If this ladder is a 100bp ladder, your amplicon size are below 100bp (what amplicon size are you looking for), that implies that the sharp bands you are seeing are primer dimer (not amplicon/no product). If that is true, repeat the experiment with cautions on nucleic acid concentration, primer concentration (to avoid dimer formation), the annealing temperature, and retention time for PCR extension.
May want to check primer dimer on qpcr product from negative control (use no nucleic acid template+use two separate primer sets, separately) on a gel, or do a melting curve study as mentioned by Bru.
Even though NTC melt curve doesn't appear on the chart, it seems that nothing but primers dimers was amplified for SGR. Would you have some positive control, gDNA (if possible, according to the location primers were designed) or maybe the cloned target ? just to make sure that PCR set up is fine.
Here's the amplification curve to control using plasmid for the SGR in serial dilutions. We used the same primers in both experiments. For plasmid works fine, but when the cDNA is derived from the cell, no.

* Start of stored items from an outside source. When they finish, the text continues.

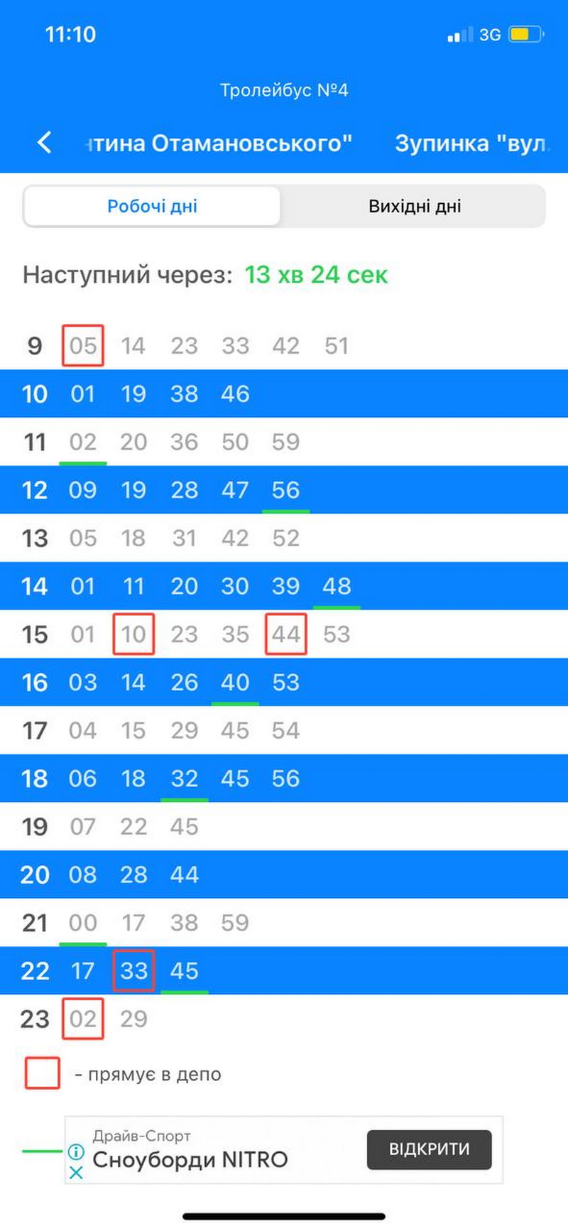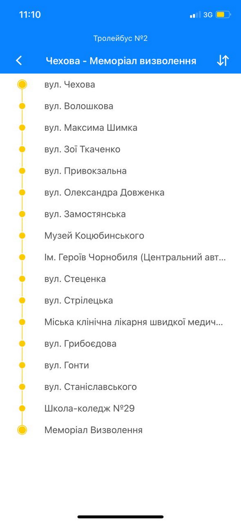 Додаток працює, коли в мобільному ввімкнений Інтернет. Якщо Інтернету немає, то показує останні завантаженні дані і дату, коли була синхронізація руху транспорту.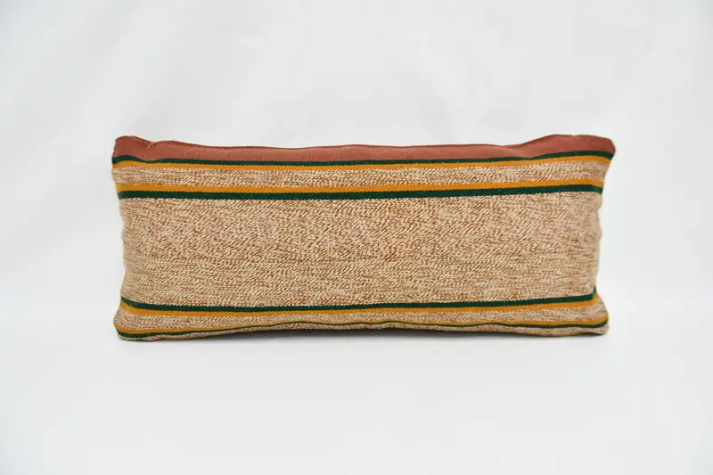 Beige & Orange Striped Throw Pillow, Versatile Rectangle Pillow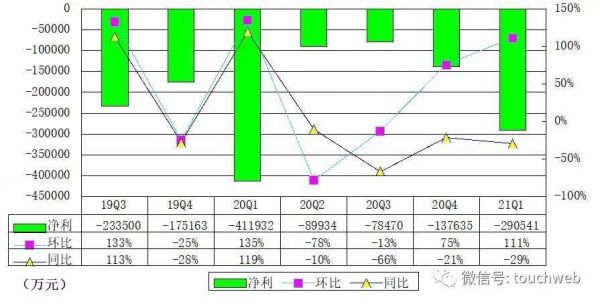 按非美国通用会计准则,拼多多2021年第一季度运营亏损为31.741亿元(约4.845亿美元),而上年同期运营亏损35.879亿元。

Ok, then, since GAPDH was succesfully amplified on cDNA, let's consider that their quality is ok. Concerning SGR, based on your serial dilution, the assay may properly work as well. It's most likely that your target's number is below the detection limit... maybe could you try with a higher concentration if possible. To my opinion, increasing the cycles number wouldn't solve this issue and would lead to differences in replicates.